Kartagener’s syndrome is an autosomal recessive disorder characterised by classical triad of situs inversus, bronchiectasis, and sinusitis. This syndrome is seen in 1 in 20000 to 1 in 60000. A 17 year old female student presented with recurrent cold, headache from the past 7 years. Last year she developed cough with expectoration .Her family history was not significant. On ENT examination she had tenderness over on frontal sinus. Ear and Throat examination were normal. Clinical examination revealed apical impulse on right side at 5th intercostals space at 1inch lateral to mid clavicular line. Heart sounds were prominent on right side. Respiratory examination was normal.
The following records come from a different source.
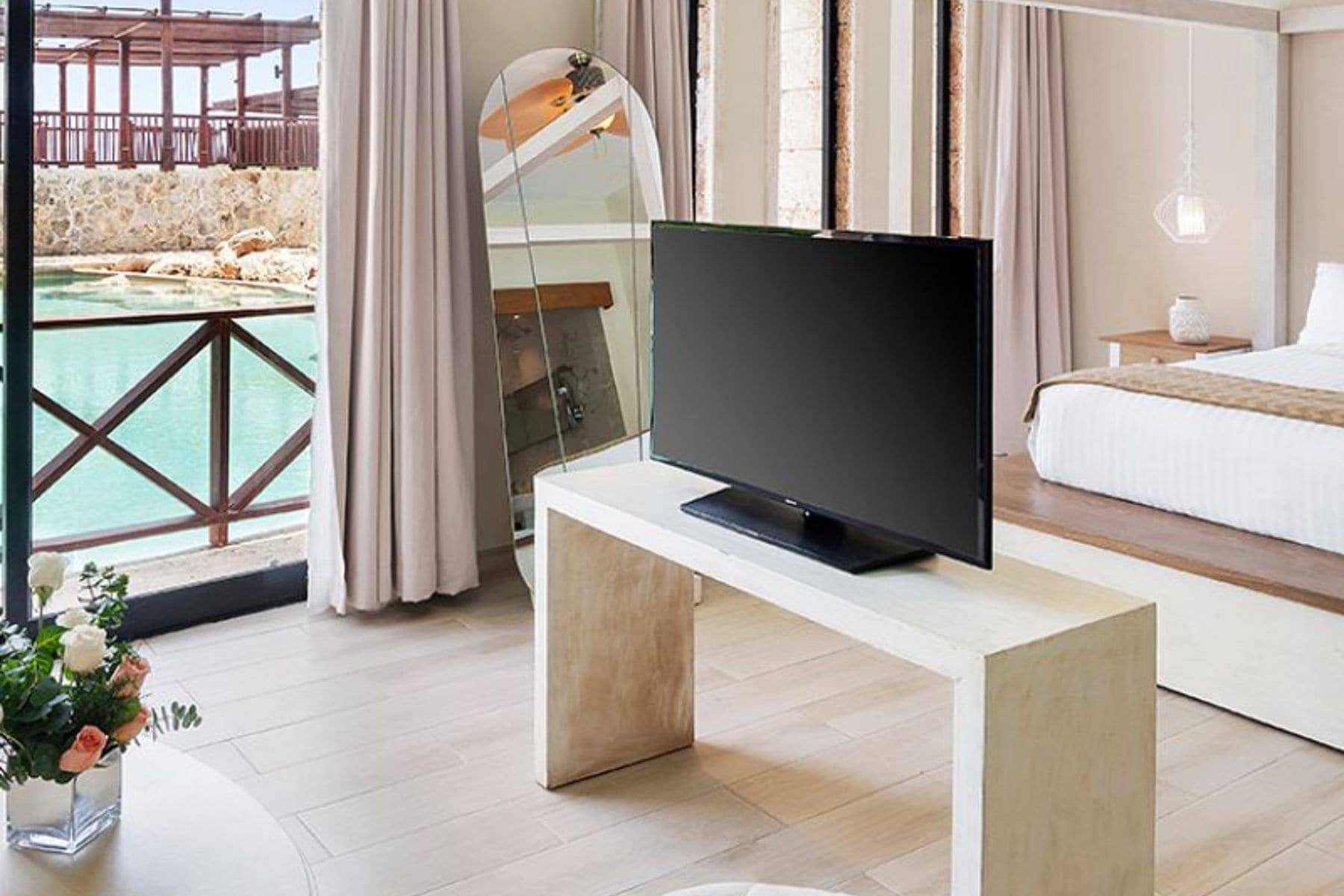 Beach Front or Swim-Out Junior Suites: The former is in the main building with direct beach access, while the latter is in the Castle and puts you straight in the pool from your terrace. Beach Front is slightly larger, while Swim-Out is the standard size like above.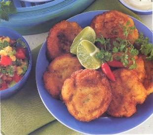 Cook potatoes, then peel and grate them. Let cool completely. Beat eggs well until they become foamy. Add salt, black pepper, baking powder, and potatoes and mix well.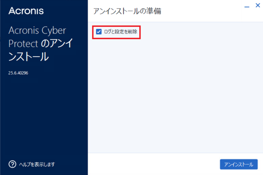 アンインストール時に[ログと構成の設定を削除する]チェックボックスをオフにしてください。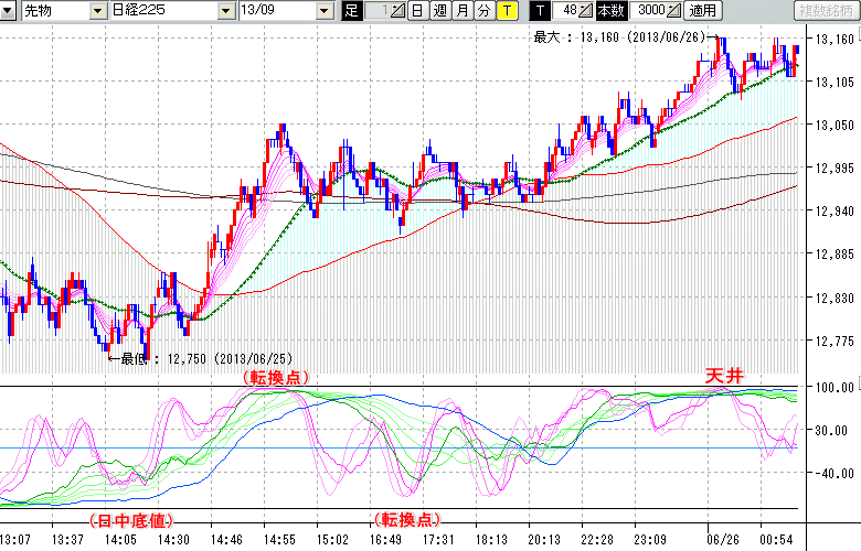 2013/06/26 - tensokoさんの株式ブログ。タイトル:「★6/25 夜間の株価の天底★」 本文:★6/25 夜間の株価の天底★ ↓クリックで画像拡大↓ ※指標ラインの密集点が天底・転換点を示します。指標の見方日経225large先物チャート : 48ティック足天井 : 13160 (6/26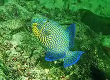 Pseudobalistes fuscus (common names: blue triggerfish, rippled triggerfish, yellow-spotted triggerfish and blue-and-gold triggerfish) is a fish belonging to the family Balistidae.[1][2]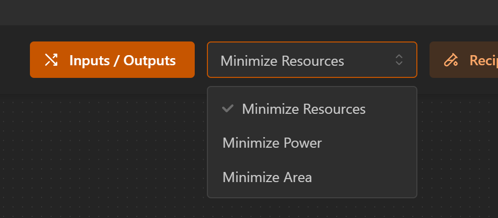 In this preliminary update, we’ve added the ability to choose a different optimization method: do not fear, it’s just a select away. Choose if you desire a more compact factory or a not-so-power-hungry build, then see the result!

Chest X-ray revealed Dextrocardia while Electrocardiography and 2D- Echo supported it. X-ray paranasal sinuses showed features of sinusitis. High Resolution computed Tomography showed bronchiectatic changes in mid zones and situs inversus. Spirometry shows borderline obstructive pattern. Sputum for Acid-fast bacilli negative and culture for pathogenic organisms remained sterile. Saccharin test was positive after 44 min. Invasive procedures were not done and diagnosis was made clinicoradiologically. As this syndrome is rare in females, fertility issues and hearing defects can be anticipated during course of time. Hence, thorough counselling and diagnosis (Otorhinological &Chest examination) should be made at the earliest. Early diagnosis and counselling will help the patients to take precautionary measures to prevent complications (i.e. fallopian tube blockage, conductive hearing defects, etc) in future.